The existing global energy crisis demands potential materials for applications relating to renewable energy production, for instance, hydrogen fuel generation via water splitting. Transition metal phosphide (TMP) nanoparticles e.g., copper phosphide (Cu3-xP), nickel phosphide (Ni2P), etc. are well known water splitting catalysts. Our prior experiences with TMPs confirm the superior activity of bimetallic phosphides over their monometallic counterparts. To date, there is no well-defined, bimetallic copper containing phosphides in bulk phase with the other late, first row transition metals-Fe, Co, Ni. Therefore, synthesizing these metastable, bimetallic phosphides on the nanoscale may open the door for the fundamental understanding of their activity, including but not limited to, as potential catalyst for water splitting.
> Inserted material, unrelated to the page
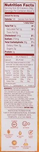-. Feature : Nutrient dense - provides 166g of whole grains / On trend, great tasting all family flavor / 30 crackers per serving / No artificial flavors or colors; No hydrogenated oils / Supports a nutritious snack during the day / Van's Natural Foods
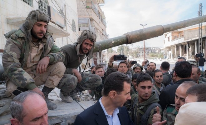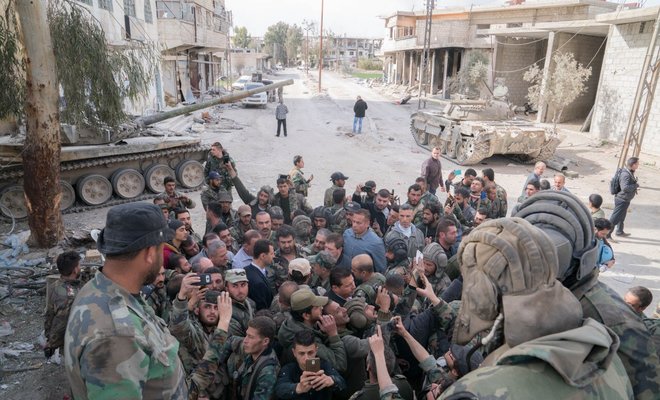 Ο Σύρος Πρόεδρος επισκέφτηκε θέσεις του στρατού και φωτογραφήθηκε δίπλα σε άρματα μάχης την ώρα που οι άμαχοι εγκαταλείπουν την πόλη μαζικά

Inspired from recent works demonstrating the formation of metastable, wurtzite indium phosphide (InP) nanocrystals from Cu3-xP (having inherent vacancy and partial ionic character) via cation exchange, we began our effort to synthesize new bimetallic TMP by partial exchange with Fe3+. To demonstrate the feasibility of Fe uptake in Cu3-xP, different parameters (time, reaction temperature, solvent concentration) were varied. We observed 9% Fe incorporation with the most optimized reaction condition (225˚C, 30 minutes); we also investigated the cation exchange reaction under milder reaction condition (180˚C, 12 hr), that surprisingly ended up having more (15%) Fe uptake!
Our current effort is to map out the extent of Fe uptake in Cu3-xP template maintaining its crystallinity. To do so, we are using the tool “Vacancy Modulation”, where we are extracting more Cu atoms from the already Cu-deficient Cu3-xP, and those newly formed vacancies may provide more sites for enhanced guest ion uptake in the copper phosphide template.